Material and Methods
Rheumatoid arthritis model establishment and treatment in mice
The 30 BALB/c male mice, between 8- to 10-weeks old, were purchased and maintained in an environment at 21°C to 24°C and 55% to 65% humidity with a 12-hour light-dark cycle. Food and water were provided ad libitum. This study was conducted in accordance with the National Institutes of Health Laboratory Animal Care and Use Guidelines 8th edition. The animal experiments were performed with protocols approved by the Institutional Animal Care and Use Committee at Shandong University (KYLL-2017(KS)-266). Rheumatoid arthritis mice were efficiently induced by a collagen II monoclonal antibody cocktail (MD Biosciences, USA) injection intraperitoneally at a dose of 5 mg/kg dissolved in phosphate buffered saline (PBS) for consecutive 10 days. The total amount of collagen II monoclonal antibody used was around 1.5 mg to 2 mg and the establishment of collagen antibody-induced arthritis (CAIA) was confirmed and stable in about 2 weeks, which were described in the company’s instruction and some previous reports [15–17]. The mice were also intraperitoneally injected with lipopolysaccharide (LPS; Sigma, USA) at 100 μg per mouse in 200 μL sterile PBS on day 1 or day 4.
Baicalin or saline treatment in the mice
The mice used in the experiment were randomly divided into 3 groups: the control group (n=10), the rheumatoid arthritis model + saline treatment group (n=10), and the rheumatoid arthritis model + baicalin treatment group (n=10). Mice of the rheumatoid arthritis model + saline treatment group were intraperitoneally injected with 0.9% sodium chloride (Nanjing Chemical Reagent, China) once per day for 5 consecutive days following the establishment of the collagen-induced rheumatoid arthritis model. However, mice from rheumatoid arthritis model + baicalin treatment group were injected with 30 mg/kg baicalin (Jinsui Bio-Technology, China) for 5 consecutive days. Mice in the control group were normal mice and only treated once daily with 0.9% NaCl injection during the study period.
Measurement of pain threshold
The mean value of the pressure pain thresholds was measured before and after modeling and after the 5 days of treatment. It was measured using an electronic pressure pain detector following the company’s instructions (Shanghai United Press, China).
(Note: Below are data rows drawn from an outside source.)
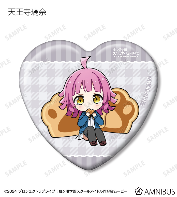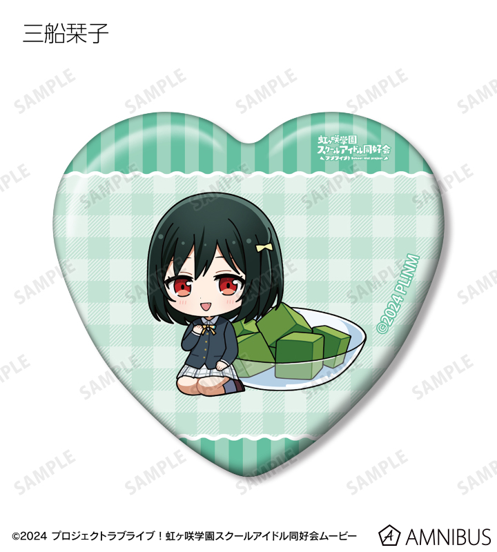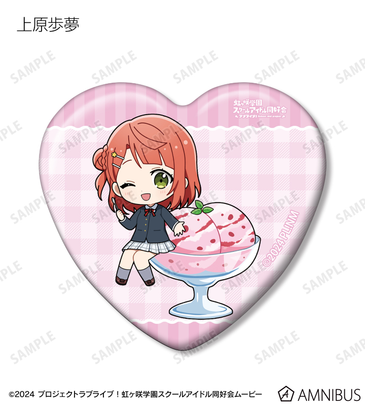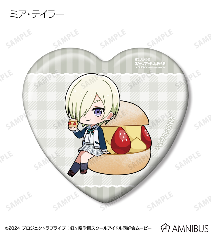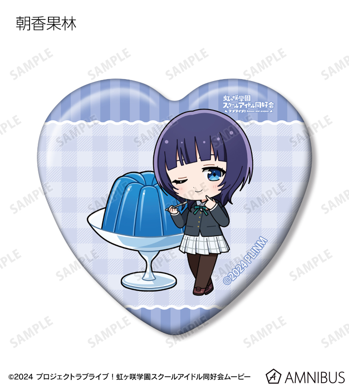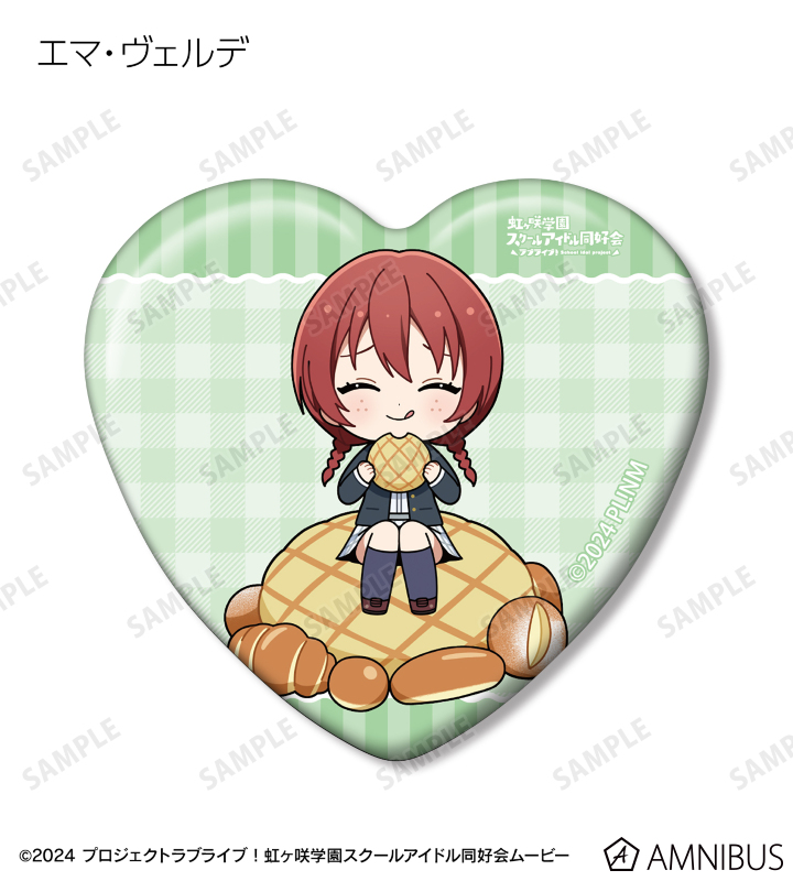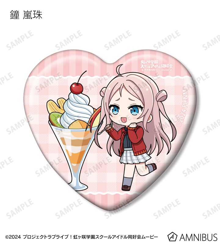 高咲 侑、上原歩夢、中須かすみ、桜坂しずく、朝香果林、宮下 愛、近江彼方、優木せつ菜、エマ・ヴェルデ、天王寺璃奈、三船栞子、ミア・テイラー、鐘 嵐珠のちびキャライラストをメインにデザインし、ハート型の缶バッジに仕上げました。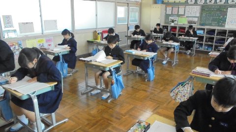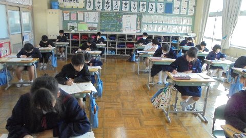 先日、石川県の評価テストを行いました。これは5年生の学力がきちんと付いているかテストするものです。進級するまでに弱点を克服します。放課後学習のため遅くなることがあります。ご理解ご協力下さい。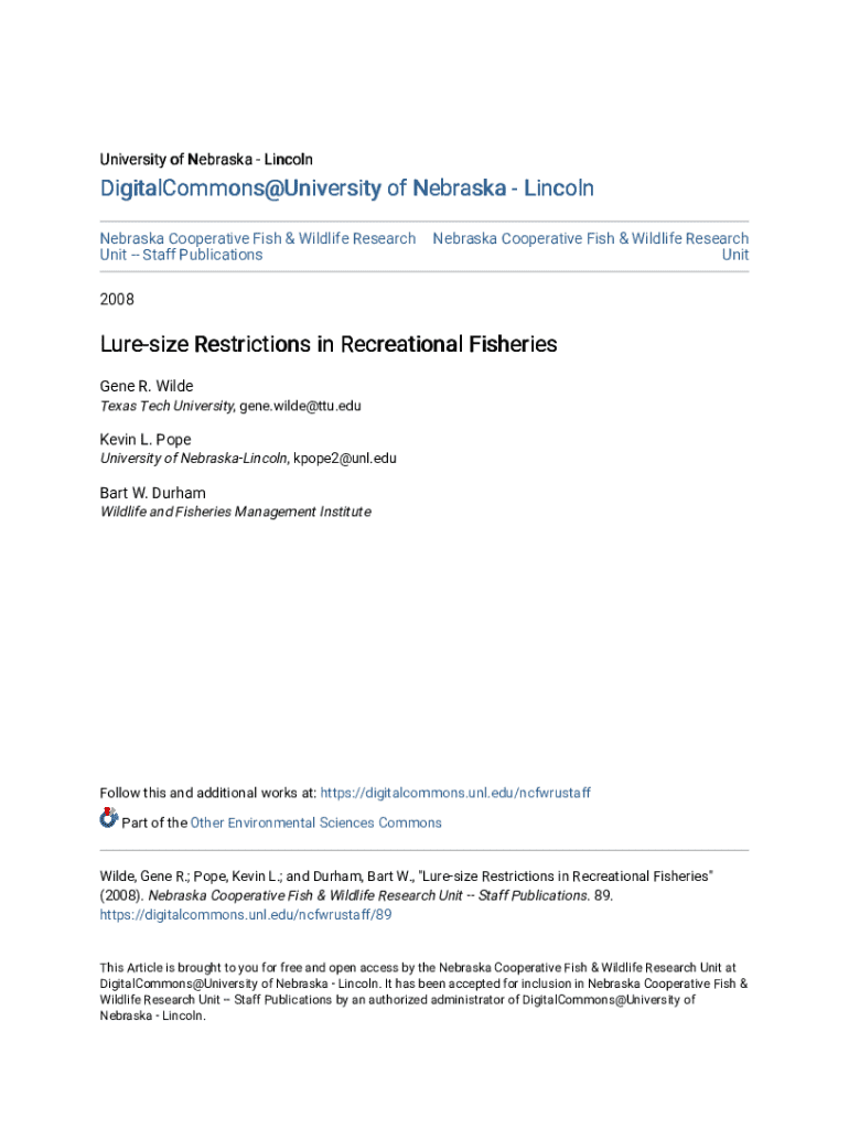 Get the free Nebraska Cooperative Fish & Wildlife Research - digitalcommons unl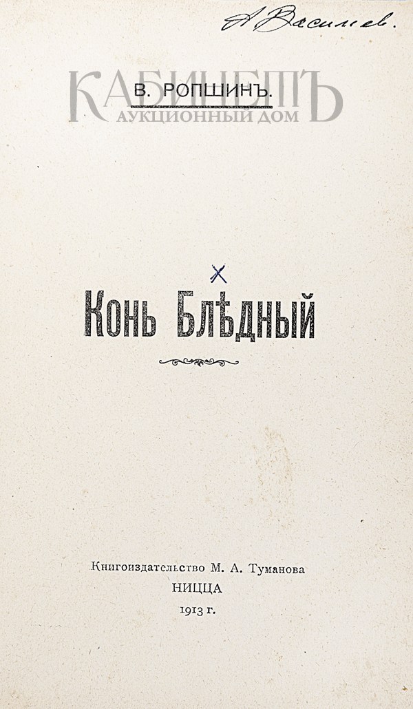 Савинков Борис Викторович (1879–1925) — русский террорист, политический деятель, социал-демократ, затем один из лидеров партии эсеров, руководитель Боевой Организации партии эсеров, участник Белого движения, писатель – прозаик, публицист, мемуарист; литературный псевдоним — В. Ропшин.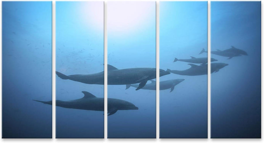 islandburner Bild auf Leinwand Delfine Blick Unter Wasser Im Meer Wandbild Poster Kunstdruck Bilder,

Measurement of clinical arthritis score
On each day of the 10 days establishment and 5 days treatment, the mice were evaluated for arthritis score using a macroscopic scoring system as followings: 11–15, severe arthritis of the entire paw and digits; 6–10, more than 2 joints involved; 1–5, 2 joints involved and 0, no signs of arthritis. And the scores from each day were calculated in one after another.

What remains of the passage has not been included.